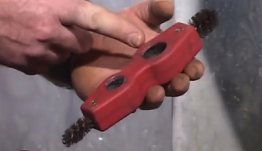 Use a pipe cleaning tool, as pictured, to make sure the all the pipe surfaces are clean and free from debris. This will give you a better seal. You can also use wire wool to achieve this.
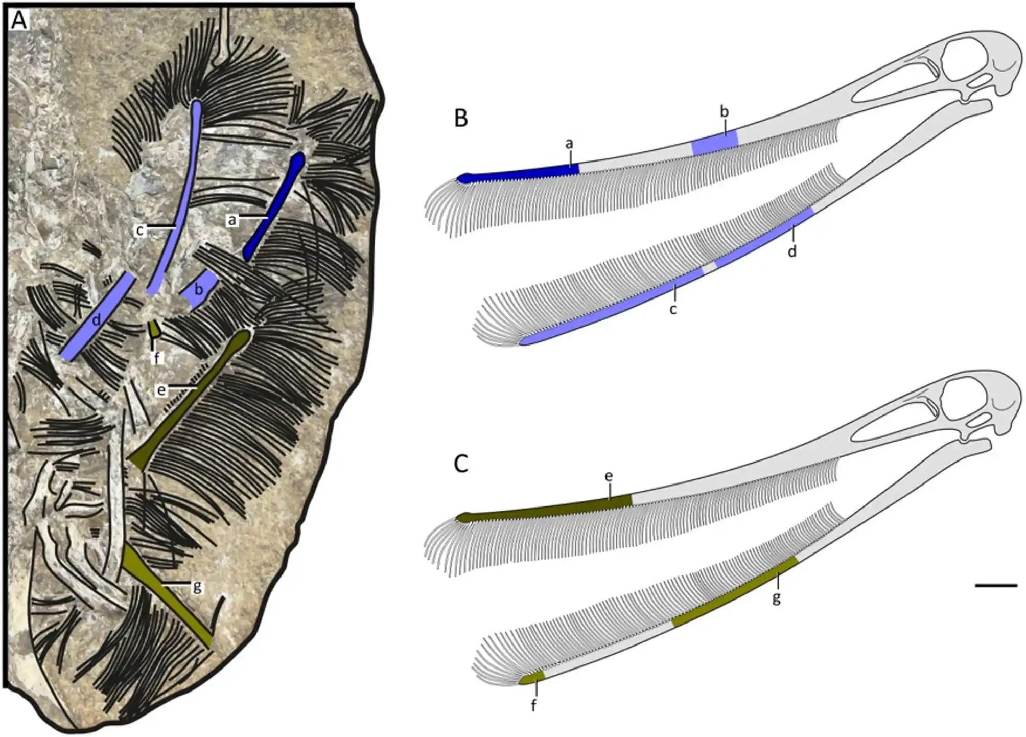 Die vierte Kieferspitze (Fragment f) ist ein kleineres, weniger gut erhaltenes Fragment. Die Forscher interpretieren daher die größeren Spitzen (a und e) als Oberkiefer und die weniger ausgedehnten Spitzen (c und f) als Unterkiefer, basierend auf den Proportionen bei Ctenochasma elegans SMNS 81803, wo die Oberkieferspitze etwas stärker ausgedehnt ist als die Unterkieferspitze. Aufgrund ihrer nahen Lage und ähnlichen Orientierung gehen die Forscher vorläufig davon aus, dass die Fragmente a und b zu einem einzigen Individuum gehören (als Holotyp gewählt). Fragment e, das eine zweite Oberkieferspitze (und somit ein zweites Individuum) darstellt, wurde als Paratypus gewählt. Fragment f wird vorläufig demselben Individuum wie Fragment e zugeordnet.
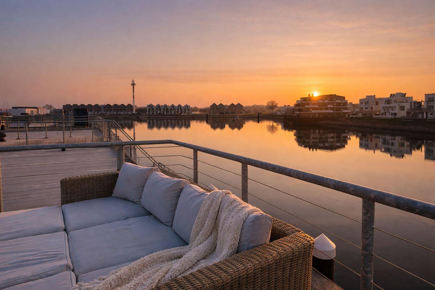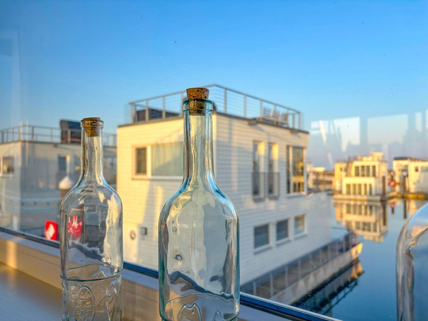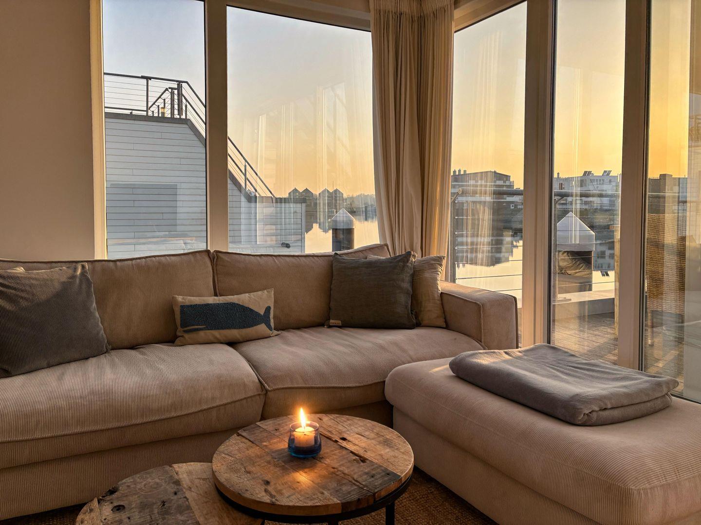 Das schwimmende Ferienhaus "Treibholz" verfügt über 2 Etagen, wobei sich der große Wohn-/Essbereich mit integrierter Küche im Obergeschoss befindet. Die großen Panoramafenster ermöglichen einen wunderbaren Blick auf das Hafenkino und über eine große Schiebetür gelangt man auf die große Terrasse. Das Obergeschoss mit seinem gemütlichen Schlafsofa, dem Esstisch und der gut ausgestatteten Küche lädt zu gemütliche Stunden mit Freunden und der Familie ein.
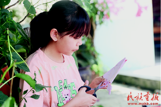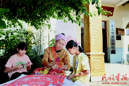 邵梅罕在剪纸艺术馆前教孙女们傣族剪纸。

**WHAT THIS TASK INVOLVES**
Could the lines above be copied out exactly, with no image carried over?

**ANSWER TO THE PROBLEM**
 Use a pipe cleaning tool, as pictured, to make sure the all the pipe surfaces are clean and free from debris. This will give you a better seal. You can also use wire wool to achieve this.
 Die vierte Kieferspitze (Fragment f) ist ein kleineres, weniger gut erhaltenes Fragment. Die Forscher interpretieren daher die größeren Spitzen (a und e) als Oberkiefer und die weniger ausgedehnten Spitzen (c und f) als Unterkiefer, basierend auf den Proportionen bei Ctenochasma elegans SMNS 81803, wo die Oberkieferspitze etwas stärker ausgedehnt ist als die Unterkieferspitze. Aufgrund ihrer nahen Lage und ähnlichen Orientierung gehen die Forscher vorläufig davon aus, dass die Fragmente a und b zu einem einzigen Individuum gehören (als Holotyp gewählt). Fragment e, das eine zweite Oberkieferspitze (und somit ein zweites Individuum) darstellt, wurde als Paratypus gewählt. Fragment f wird vorläufig demselben Individuum wie Fragment e zugeordnet.
 Das schwimmende Ferienhaus "Treibholz" verfügt über 2 Etagen, wobei sich der große Wohn-/Essbereich mit integrierter Küche im Obergeschoss befindet. Die großen Panoramafenster ermöglichen einen wunderbaren Blick auf das Hafenkino und über eine große Schiebetür gelangt man auf die große Terrasse. Das Obergeschoss mit seinem gemütlichen Schlafsofa, dem Esstisch und der gut ausgestatteten Küche lädt zu gemütliche Stunden mit Freunden und der Familie ein.
 邵梅罕在剪纸艺术馆前教孙女们傣族剪纸。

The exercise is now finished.